In response to a question on whether cost factored into Samsung’s decision, Dolby CEO Kevin Yeaman said, “It’s pretty clear that a lot of people in the smartphone industry are very much focused on cost.” The fact that Dolby Digital Plus isn’t shipping in the Galaxy S5 “shows that we have work to do,” Yeaman said, saying Dolby still has “a value proposition to bring.” The company is working with Samsung on contract details during the “natural renewal cycle,” and there are a “lot of moving parts right now,” Yeaman said. Dolby has an opportunity to grow the Samsung business and “everything is still on the table,” he said, while calling the Samsung decision S5 decision “disappointing.”
Neither Chew nor Yeaman provided more detail on mobile revenue projections. Chew said Dolby receives Samsung revenue from “a lot of different sources” and wouldn’t break out the revenue as a subset of total mobile revenue.
Yeaman said Dolby is expecting its Dolby Vision technology to be shipping in TVs by year-end. Dolby has demoed the technology to the press in its offices and at CES, promoting it as an “end-to-end” technology that offers a wider gamut of colors and improved shadow detail. The technology focuses on the quality of the image each pixel represents “and is not dependent on the number of pixels,” Yeaman said. Dolby Vision has received “great support” from the content community and is working to enable post-production and color-grading processes to create content in Dolby Vision, he said.
Internationally, Dolby is progressing Asia, China and India, Yeaman said, with 65 percent of HD channels in China telecasting in Dolby and roughly 60 percent of HD channels in India in Dolby. Russia has included Dolby Digital Plus in its HD standard, he said. Dolby technology has been tacked onto India’s terrestrial HD set-top box standard and it’s included in Indonesia’s terrestrial receiver standard, he said. In Thailand, the country’s largest pay-TV operator will air its 50 HD channels using Dolby Digital Plus, he said.
For fiscal Q2, mobile device licensing revenue jumped 36 percent over fiscal Q2 2013, to some 12 percent of licensing in the quarter, Chew said.

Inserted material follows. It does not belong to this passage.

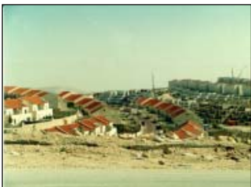
Ma'ale Adumim

Det er vores indtryk, at de sidstnævnte udgør langt det væsentligste problem. Vi besøgte to af slagten, nemlig bosættelsen Ma'ale Adumim, der ligger ca. 8 km øst for Jerusalem og huser 30.000 indbyggere, samt Ariel (18.000 indb.), der ligger ca. 15 km fra 1967-grænsen og fungerer som en forstad til Tel Aviv.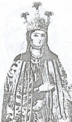
დედოფალ მარიამ დადიანის პორტრეტი, შესრულებული სვეტიცხოვლის ურესკიდან გრიგორი ვაგარინის (1810 - 1893) მიერ.

Broadcasting led total licensing revenue for Dolby at 46 percent, which included a $24.7 million back payment settlement it reached with a “large licensee” early in the quarter, Chew said. Broadcasting revenue was up 37 percent year-over-year, including the back payment, and up 9 percent excluding it, Chew said. The increase was driven by higher attach rates on TVs, he said.
PC revenue was some 16 percent of total licensing in Q2, plummeting 29 percent year-over-year -- a “much larger” drop than the market decrease in PC revenue -- which Chew attributed to the transition from Windows 7 to Windows 8. Q2 “should be” the last quarter to reflect the transition, and going forward Dolby’s year-over-year PC revenue trends should more closely align with those of the market, Chew said. CE revenue in Q2, roughly 4 percent of total licensing, slipped by 4 percent year-over-year, he said. Gaming and automotive accounted for 12 percent of total licensing in Q2, up 28 percent from Q2 2013 on higher revenue from the PS4 and Xbox One gaming consoles that launched in late 2013, he said.
Dolby’s Q2 revenue was $278.6 million, compared to $249.3 million in the year-ago quarter, with net income growing to $76 million from $62 million, the company said. Revenue projections are $205 million-$215 million for Q3 and $930 million-$950 million for the fiscal year, it said. Shares closed 9.4 percent higher Wednesday at $39.85.